The game has a pretty decent balance in gameplay and accessibility. I got pretty hooked into the fishing and got my timing down so I've been able to land plenty of trophy fish. When you see a gold target area rather than the usual green, that will land you a trophy fish.

I am also happy to see Team17 still has it. Worms will always be close to my heart.
posted by john at 3:57 AM on April 12, 2023 [1 favorite]


I would second the point about time, but it takes a few hours to get there. By which point you will have lost some of your sense of day or night in the game and, as my partner noted after I wondered why I had a slight sanity issue in the daytime, “that’s because you haven’t slept since the horrors you encountered last night”. Which is completely valid and firmly hammers home both the game’s atmospheric success, as well as how easily we become corrupted by are surroundings. This is an excellent game.
posted by Callisto Prime at 6:28 AM on April 12, 2023 [1 favorite]

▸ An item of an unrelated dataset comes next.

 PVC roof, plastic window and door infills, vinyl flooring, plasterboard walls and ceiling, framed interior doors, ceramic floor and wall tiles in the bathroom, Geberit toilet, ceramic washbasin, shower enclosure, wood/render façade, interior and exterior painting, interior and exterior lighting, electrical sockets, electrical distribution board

Yes, I stayed up past my bedtime playing this! I'd say that the Switch controls are a little clunky in that "I feel like this was designed for mouse and keyboard first" kind of way, but I got used to it pretty quickly. I'm a huge scaredy-cat so I've been mostly sleeping at night while I get my boat better, but I'm loving the game overall so far.
posted by rivenwanderer at 10:34 AM on April 12, 2023 [1 favorite]

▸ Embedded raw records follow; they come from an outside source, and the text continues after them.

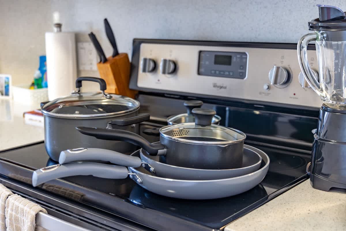 No dish washer. You have to wash dishes & cutlery by hands after cooking.
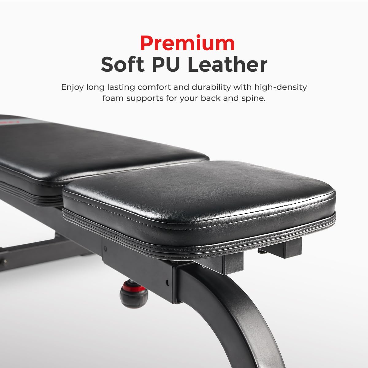 - 【EFFICIENT DESIGN】Optimally designed to fit into any home or gym, the bench’s compact dimensions ensure it takes up minimal space. This design ensures placement in tight areas without sacrificing the functionality or effectiveness of your workouts.
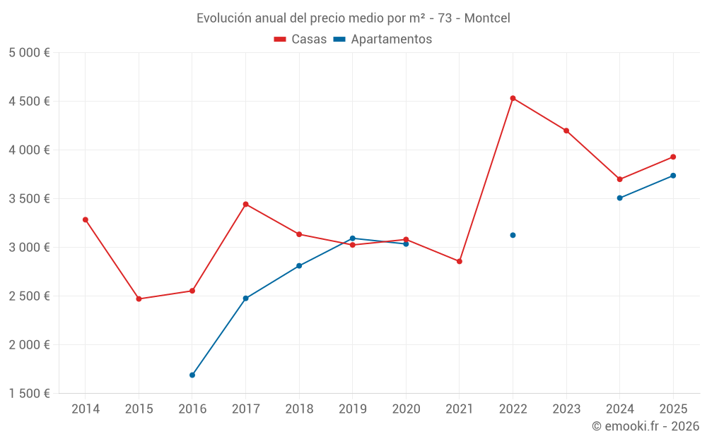 Evolución del precio medio por m² de las casas
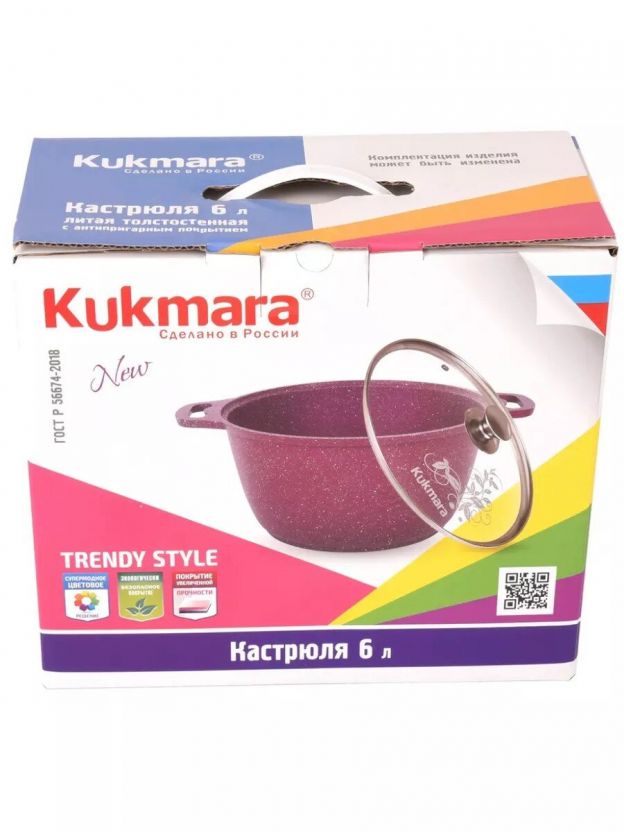 Кастрюля Kukmara Trendy style 6 л с антипригарным покрытием и стеклянной крышкой — идеальный выбор для семьи: готовьте плов, суп, макароны без пригорания и хлопот.
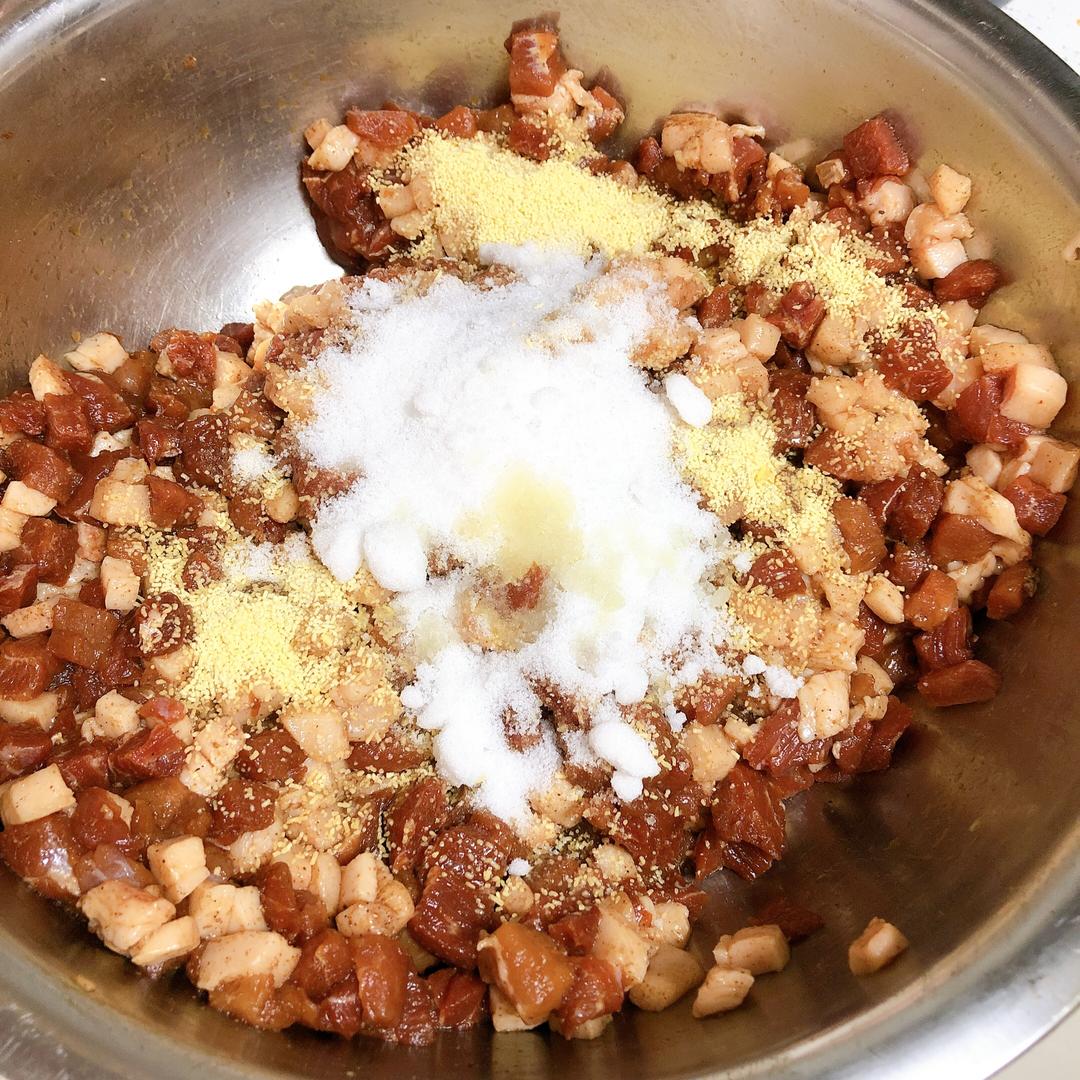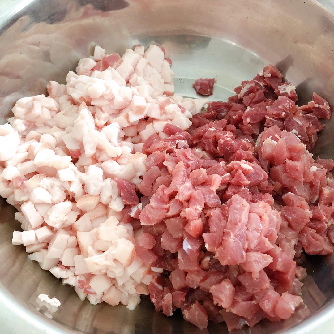 剔除筋膜,切成一厘米的肉丁。不喜欢吃油腻,就少放点肥的,或者把肥肉单独搅碎掺入瘦肉丁里,这样不腻也不柴。我喜欢吃油腻,所以也切了大块😀
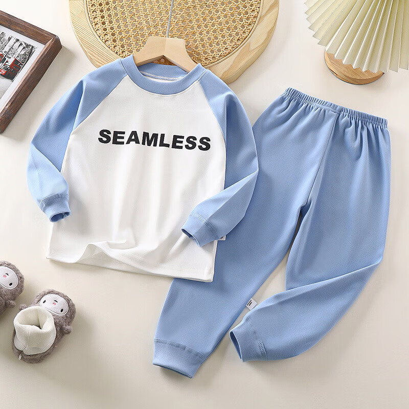 儿童家居服德绒保暖内衣套装男女童宝宝秋冬秋衣秋裤中大童打底衫 FDS01-蓝色 140cm偏小一码

I should revisit the Sunless series; I got stuck in a loop where I could never build up resources of any kind, so I was forever stuck with the same set of options. I assume there's a way out of that, but I never found it.
posted by ChrisR at 1:42 PM on April 12, 2023


ChrisR - it's offtopic, but I found the answer in Sunless Sea was, significantly, "grind", certainly to begin with, but at a certain point there are ways to make quite a bit of money quite quickly in Sunless Sea. Happy to share some of my strategies if you do pick Sea back up, although to avoid a further derail it might be best to memail.
posted by running order squabble fest at 6:13 PM on April 12, 2023


I'd say that the Switch controls are a little clunk

Agreed. It's not a deal-breaker but its more of an adjustment that you get used to and wish was a bit better.

I too have mostly been focusing on day time trips to upgrade equipment. But a handful of night time excursions do still happen and they're thrilling in short bursts!!